Crow Reintroduces Legislation to Give Gun Victims Their Day in Court

April 22, 2021
Press Release
Legislation Would Repeal Liability Shield Protecting Gun Sellers and Manufacturers; Parents of Aurora Theater Shooting Victim Went Bankrupt After Trying to Sue the Gun Dealer

WASHINGTON - Today, Reps. Jason Crow (CO-06), Adam Schiff (CA-28), and Dwight Evans (PA-03) alongside Sen. Richard Blumenthal (D-CT), reintroduced the Equal Access to Justice for Victims of Gun Violence Act to ensure that the gun industry – including manufacturers, sellers and interest groups – can be held accountable when it acts with negligence and disregard for public safety. The bill would repeal the Protection of Lawful Commerce in Arms Act (PLCAA), allowing victims of gun violence to pursue justice in court.

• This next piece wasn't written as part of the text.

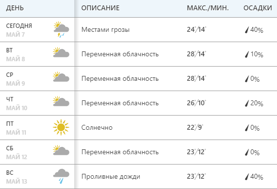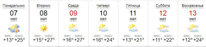 Сайт Gismeteо прогнозирует осадки 7-8 мая. Самым теплым днем недели станет среда, 9 мая, когда потеплеет до +27. Затем немного похолодает до +19...+23 днем. Без осадков.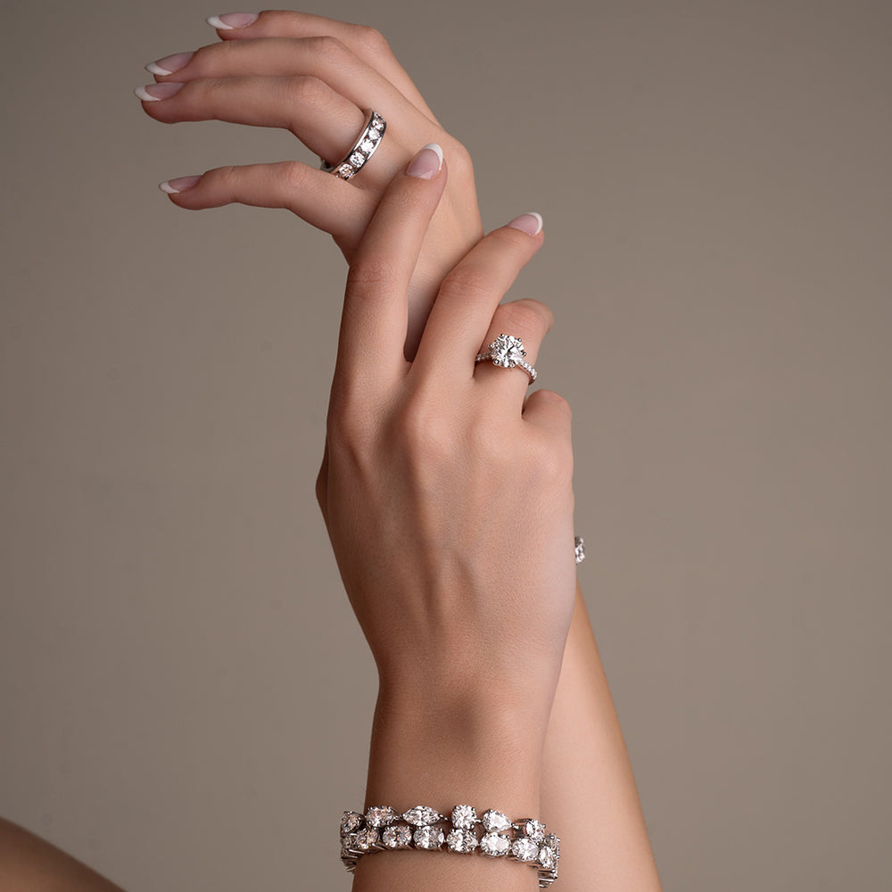 Ring proportion relative to finger width affects visual balance. Broader bands suit larger hands, whilst delicate settings complement smaller proportions.

“Our nation is suffering from a gun violence epidemic and yet gun manufacturers are shielded from liability.  This is wrong and it has to end.  When Congress passed PLCAA in 2005, they removed any incentive for gun manufacturers to make their products safer, putting private profit ahead of public safety,” said Congressman Jason Crow. “We saw families go bankrupt in our community after the Aurora Theater shooting because they tried to hold bad actors accountable. The Equal Access to Justice for Victims of Gun Violence Act creates a level playing field so survivors can have their day in court.”

“2021 is shaping up to be the deadliest year on record for gun violence, with thousands of Americans injured or killed by firearms this year alone. We must not resign ourselves to a return of this tragic new “normal” as the pandemic eases in parts of the country. We need to demand more of government and the private sector, including the manufacturers and dealers of firearms. If any other industry’s product enabled such violence and tragedy, they’d rightfully face accountability, and the gun industry should be no different,” said Rep. Adam Schiff. “We cannot prevent every mass shooting with one single measure, but ensuring that the gun industry can be held accountable when it negligently sells weapons to criminals or any who are barred from purchase, and that gun violence victims get their day in court, is a critical piece of a comprehensive approach. And with President Biden’s support, I’m hopeful we can finally get it over the finish line.”

“A manufacturer or seller who knows they will be held legally responsible for knowingly distributing dangerous or defective products will change the way they conduct their business. This basic truism applies to almost every industry in America - but not to the gun industry,” said Sen. Richard Blumenthal. “It is unconscionable that one of the most dangerous industries in America is also one of the only industries that is exempt from this basic principle of accountability. Our simple measure will give victims of gun violence their day in court and unlock the doors to justice —repealing the sweetheart liability deal that Congress granted to the gun lobby.”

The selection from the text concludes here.